PHP DOM Parser parse html table

How to use the PHP DOM Parser to parse the content of the table, so I get:

  • the username
  • the mobilephone number
  • the status

So the output of what I try to extract would be:

  • randomusername - 0123456789 - active
  • randomusername2 - 0987654321 - active

This is the html i try to parse (some part of it):

...
<div class="table tbl-process-mobile">
  <div class="table-cn">
    <div class="table-bd">
      <table cellspacing="0" id="idd7">

<thead>
    <tr id="idd9">
        <th scope="col">
          <span>username</span>
        </th>
        <th scope="col">
          <span>status</span>
        </th>

        <th scope="col">        
          <span>prefered number</span>
        </th>

        <th scope="col">
          <span>action</span>
        </th>
    </tr>
</thead>

<tbody id="iddb">
    <tr class="even">
        <td class="even">
            <div>randomusername</div>
        </td><td class="odd">
            <div>0123456789</div>
        </td><td class="even">
            <div>active</div>
        </td><td class="odd">
            <div>
  <span id="iddc" style="display:none"></span>
  <a href="xyz" id="idb2"><span>set number</span></a>
</div>
        </td><td class="even">
            <div>
  <a id="iddd" style="display:none"></a>
  <a href="xyz" class="action-icon-edit" id="idb3" title="change">
    <i>change</i>
  </a>
  <a href="xyz" class="action-icon-delete" id="idb4" title="delete">
    <i>delete</i>
  </a>
</div>
        </td>
    </tr><tr class="odd">
        <td class="even">
            <div>randomusername2</div>
        </td><td class="odd">
            <div>0987654321</div>
        </td><td class="even">
            <div>active</div>
        </td><td class="odd">
            <div>
  <span id="idde" style="display:none"></span>
  <a href="xyz" id="idb5"><span>set number</span></a>
</div>
        </td><td class="even">
            <div>
  <a id="iddf" style="display:none"></a>
  <a href="xyz" class="action-icon-edit" id="idb6" title="change">
    <i>change</i>
  </a>
  <a href="xyz" class="action-icon-delete" id="idb7" title="delete">
    <i>delete</i>
  </a>
</div>
        </td>
    </tr>
</tbody>
</table>
    </div>
  </div>
</div>
...

I already started with some PHP code:

<?php
error_reporting(0);
$matches = array();
$dom = new DOMDocument;

$dom->loadHTMLFile('settings.html');

How to extract the values, what's the best way to parse the HTML from this point?

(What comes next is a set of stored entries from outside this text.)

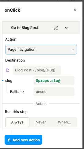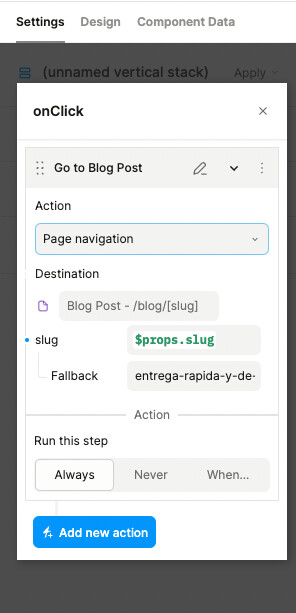 It is a Interaction of a Vertical Stack who is using a “Post Card” slug props. I did it mnaully, I mean, I writting the expression $props.slug and works sometimes (still debugging why click event did not trigger to go to other page sometime).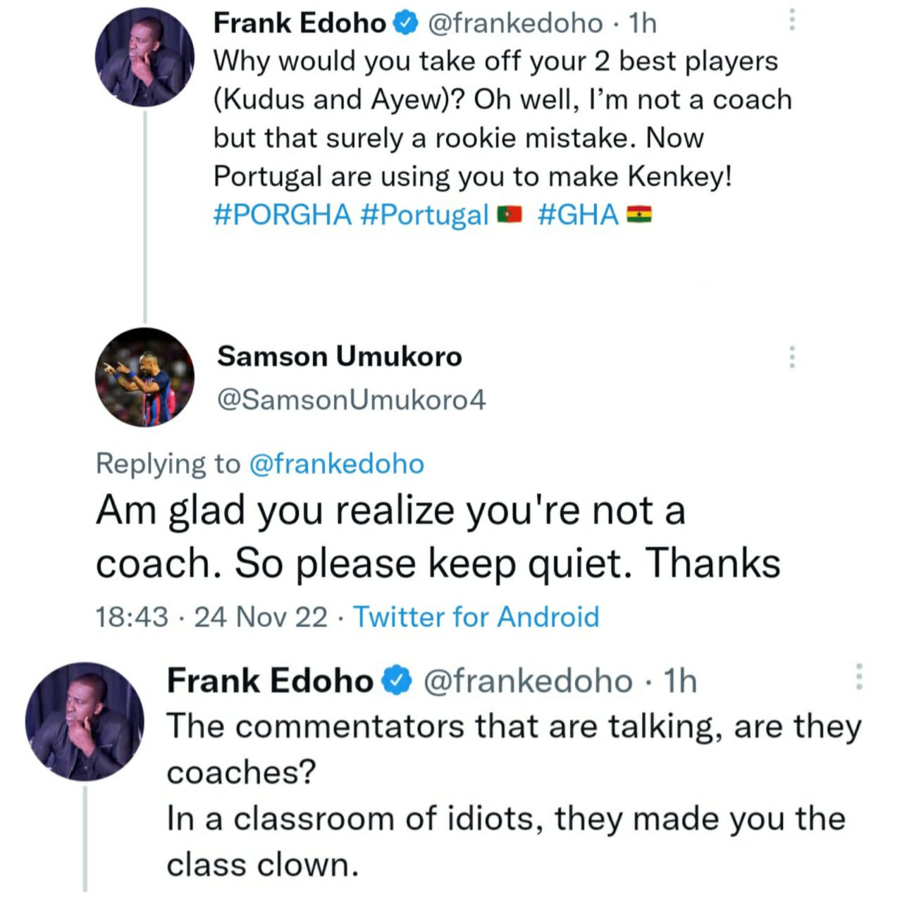 A Twitter user has clashed with media personality, Frank Edoho following Ghana’s loss to Portugal in yesterday’s World Cup game.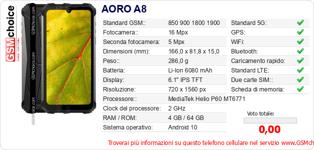 Dati del telefono cellulare AORO A8 sul tuo sito
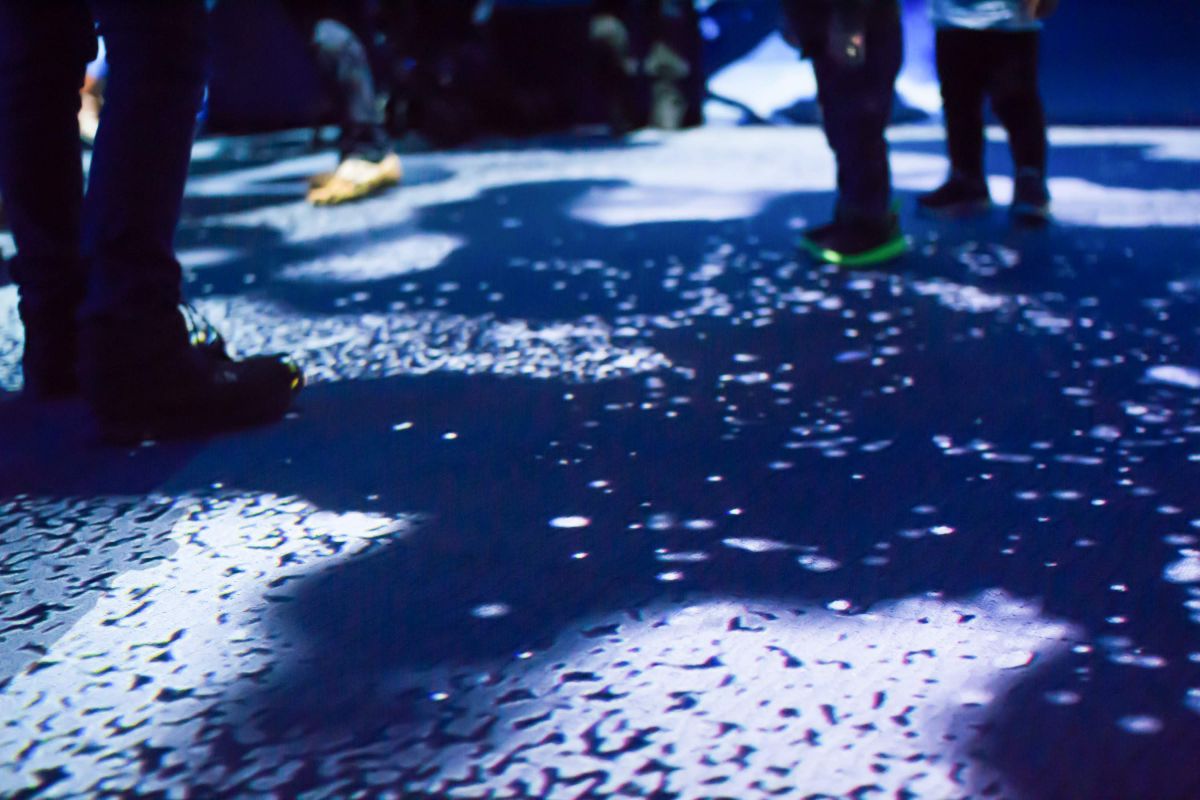 降り積もった雪の上を実際に歩いたかのように足跡がついたり、映し出された水の上を歩くと足跡が波紋になって広がったり。人の動きに合わせて映像が変化するインタラクティブな演出を、見るだけではなく体感できます。

$field_names = ['username', 'phone', 'status'];
$result = [];

// Search for div tags having tbl-process-mobile class
$containers = $doc->getElementsByTagName('div');
foreach ($containers as $container) {
  if (!isset($container->attributes['class']))
    continue;

  if (false === strpos($container->attributes['class']->value,
    'tbl-process-mobile'))
    continue;

  // Assume that tbody tags are required
  if (!$tbodies = $container->getElementsByTagName('tbody'))
    continue;

  // Get the first tbody (there should not be more)
  if (!$tbodies->length || !$tbody = $tbodies->item(0))
    continue;

  foreach ($tbody->getElementsByTagName('tr') as $tr) {
    $i = 0;
    $row = [];
    $cells = $tr->getElementsByTagName('td');

    // Collect the first count($field_names) cell values as maximum
    foreach ($field_names as $name) {
      if (!$td = $cells->item($i++))
        break;
      $row[$name] = trim($td->textContent);
    }

    if ($row)
      $result []= $row;
  }
}

var_dump($result);

Sample Output

array(2) {
  [0]=>
  array(3) {
    ["username"]=>
    string(14) "randomusername"
    ["phone"]=>
    string(10) "0123456789"
    ["status"]=>
    string(6) "active"
  }
  [1]=>
  array(3) {
    ["username"]=>
    string(15) "randomusername2"
    ["phone"]=>
    string(10) "0987654321"
    ["status"]=>
    string(6) "active"
  }
}

No comments, as the code is self-explanatory.

PS: in the sense of parsing, the HTML structure leaves a lot to be desired.

You can use selector methods of DOMDocument class like getElementById() and getElementsByTag() to find target elements. After finding elements, get text of it and store in array.

$trs = $dom->getElementById("iddb")->getElementsByTagName("tr");
$arr = [];
foreach($trs as $key=>$tr){
    $tds = $tr->getElementsByTagName("td");
    $arr[$key] = [
        $tds->item(0)->textContent,
        $tds->item(1)->textContent,
        $tds->item(2)->textContent
    ];
}

Check result in demo

Also you can use DOMXPath class to find target elements.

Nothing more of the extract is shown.